Show Tag: ssl

Select Other Tags

ITD and ILD are most useful for auditory localization in different frequency ranges:

  • In the low frequency ranges, ITD is most informative for auditory localization.
  • In the high frequency ranges, ILD is most informative for auditory localization.

Dávila-Chacón et al. show that the Liu et al. model of natural binaural sound source localization can be transferred to the Nao robot and there shows significant resilience to noise.

Their system can localize sounds with a spatial resolution of 15 degrees.

The binaural sound source localization system based on the Liu et al. model does not on its own perform satisfactory on the iCub due to the robot's ego noise which is greater than that of the Nao (~60 dB compared to ~40 dB).

Dávila-Chacón et al. compare different methods for sound source localization on the iCub.

Among the methods compared by Dávila-Chacón et al. for sound source localization on the iCub are

  • the Liu et al. system,
  • the Liu et al. system with additional classifiers
  • Cross-correlation.

Dávila-Chacón evaluated SOMs as a clustering layer on top of the MSO and LSO modules of the Liu et al. sound source localization system. On top of the clustering layer, they tried out a number of neural and statistical classification layers.

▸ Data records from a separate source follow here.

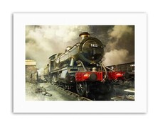 Artery8 Steam Train Vintage Colour Red Green Vintage A4 Artwork Framed Wall Art Print White One Size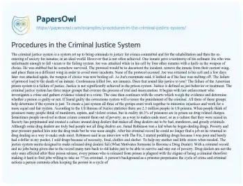 An informative piece detailing the step-by-step procedures within the criminal justice system, from the initial arrest and booking to trial, sentencing, and post-trial processes. Additionally, PapersOwl presents more free essays samples linked to Crime topic.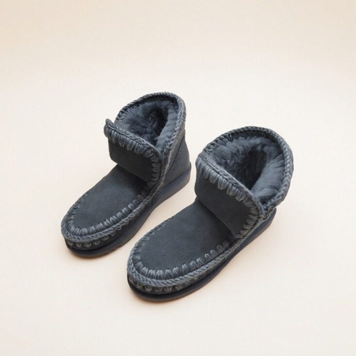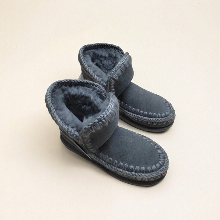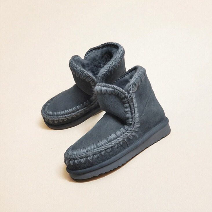 MOU爱斯基摩雪地靴女皮毛一体低帮保暖短靴16cm一脚蹬懒人鞋靴子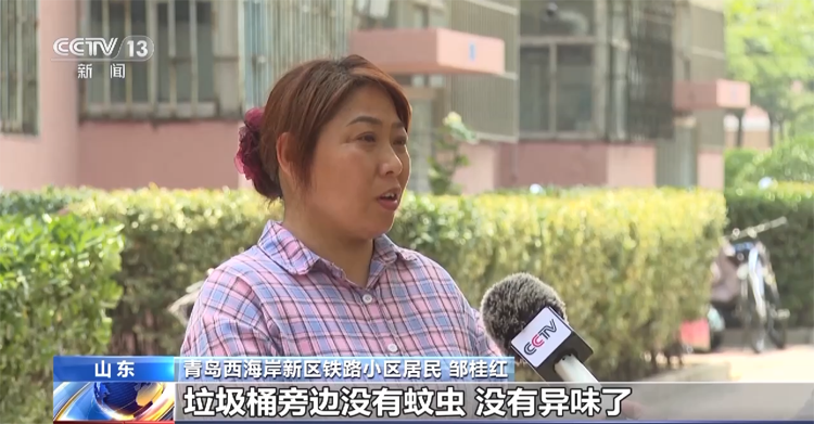 青島西海岸新區(qū)鐵路小區(qū)居民 鄒桂紅:垃圾桶旁邊沒有蚊蟲、沒有異味了,很整潔、很干凈,小區(qū)的整體環(huán)境也提升上去了,所以說我們特別想把垃圾分類分好,感覺居住在這個環(huán)境很舒服。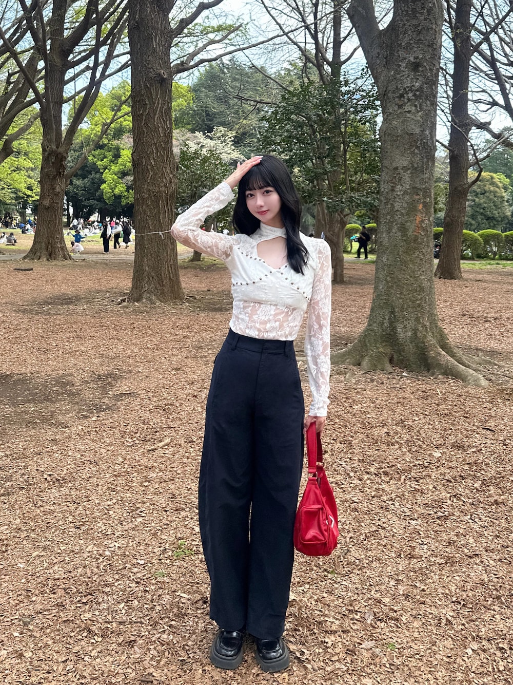 桃(ROOPTOKYO)のTシャツ/カットソー「Studs Ribbon Lace Tops / スタッズリボンレース トップス」を使ったコーディネート
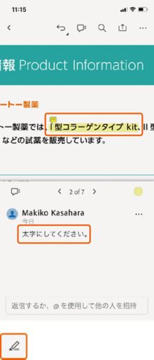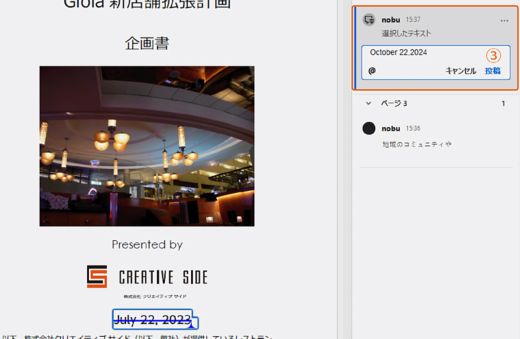 注釈に対してコメントを返信することができます。レビュー担当者からの意見や疑問に答えるためのコメントを入力します。

The result was inferior by a margin to the best methods they found.

The way sound is shaped by the head and body before reaching the ears of a listener is described by a head-related transfer function (HRTF). There is a different HRTF for every angle of incidence.

A head-related transfer function summarizes ITD, ILD, and spectral cues for sound-source localization.

Sound source localization based only on binaural cues (like ITD or ILD) suffer from the ambiguity due to the approximate point symmetry of the head: ITD and ILD identify only a `cone of confusion', ie. a virtual cone whose tip is at the center of the head and whose axis is the interaural axis, not strictly a single angle of incidence.

Spectral cues provide disambiguation: due to the asymmetry of the head, the sound is shaped differently depending on where on a cone of confusion a sound source is.

Talagala et al. measured the head-related transfer function (HRTF) of a dummy head and body in a semi-anechoc chamber and used this HRTF for sound source localization experiments.

Talagala et al.'s system can reliably localize sounds in all directions around the dummy head.

Sound-source localization using head-related impulse response functions is precise, but computationally expensive.

Wan et al. use simple cross-correlation (which is computationally cheap, but not very precise) to localize sounds roughly. They then use the rough estimate to speed up MacDonald's cross-channel algorithm which uses head-related impulse response functions.

MacDonald proposes two methods for sound source localization based on head-related transfer functions (actually the HRIR, their representation in the time domain).

The first method for SSL proposed by MacDonald applies the inverse of the HRIR $F^{(i,\theta)}$ to the signal recorded by $i$ For each microphone $i$ and every candidate angle $\theta$. It then uses the Pearson correlation coefficient to compare the resultant signals. Only for the correct angle $\theta$ should the signals match.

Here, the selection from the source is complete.